Anti-GBM disease is rare: incidence 1–2 cases per million population per year, accounting for approximately 10–15% of all RPGN cases and 1–5% of all biopsy-proven glomerulonephritis. Despite its rarity, it is one of the most feared causes of RPGN because of its rapid, destructive course.

There is a bimodal age distribution:

• First peak: age 18–30 years. Predominantly male. Pulmonary hemorrhage (DAH) is prominent. Exposure to cigarette smoke and organic solvents is particularly important in triggering lung involvement in this group.
• Second peak: age 60–70 years. More equal sex distribution, or slight female predominance. Renal-dominant presentation with less pulmonary involvement. This older peak is increasingly recognized with wider use of anti-GBM antibody testing.
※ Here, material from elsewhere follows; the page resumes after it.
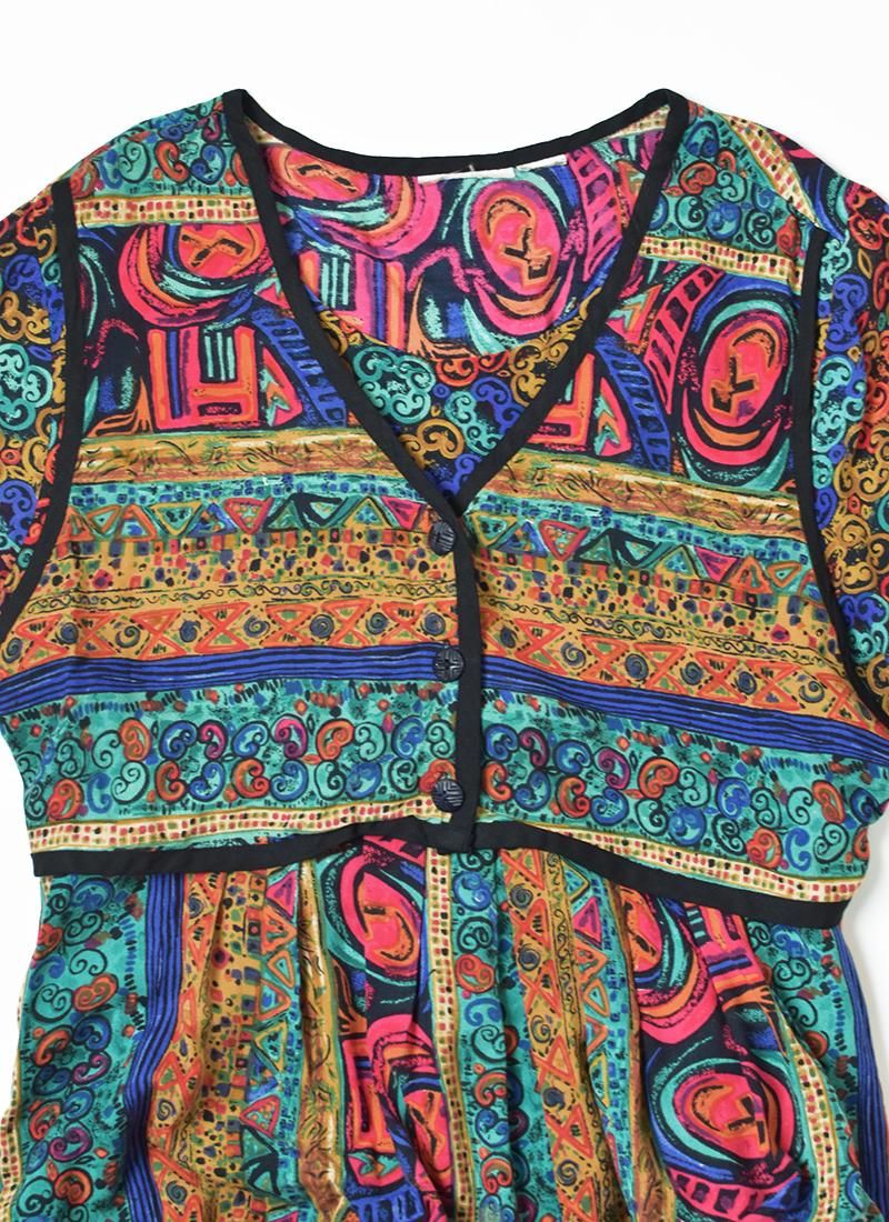 民族調をベースにした80年代頃、マルチパターンのドレスです。

Genetic susceptibility: HLA-DRB1*15:01 (formerly DR2) is strongly associated with anti-GBM disease (odds ratio ~6); HLA-DRB1*01:01 and *03:01 confer partial susceptibility. These HLA molecules are thought to present the Goodpasture antigen (the NC1 domain of α3[IV] collagen) to autoreactive T cells, breaking peripheral tolerance.

Environmental triggers: Cigarette smoking (dramatically increases risk of DAH in genetically susceptible individuals by exposing alveolar capillary BM to the immune system), hydrocarbon solvent inhalation, cocaine inhalation, viral upper respiratory tract infections, and rarely, drugs (penicillamine, hydralazine, alemtuzumab). Infection-triggered molecular mimicry has been proposed, aligning with Goodpasture's original influenza-era observation.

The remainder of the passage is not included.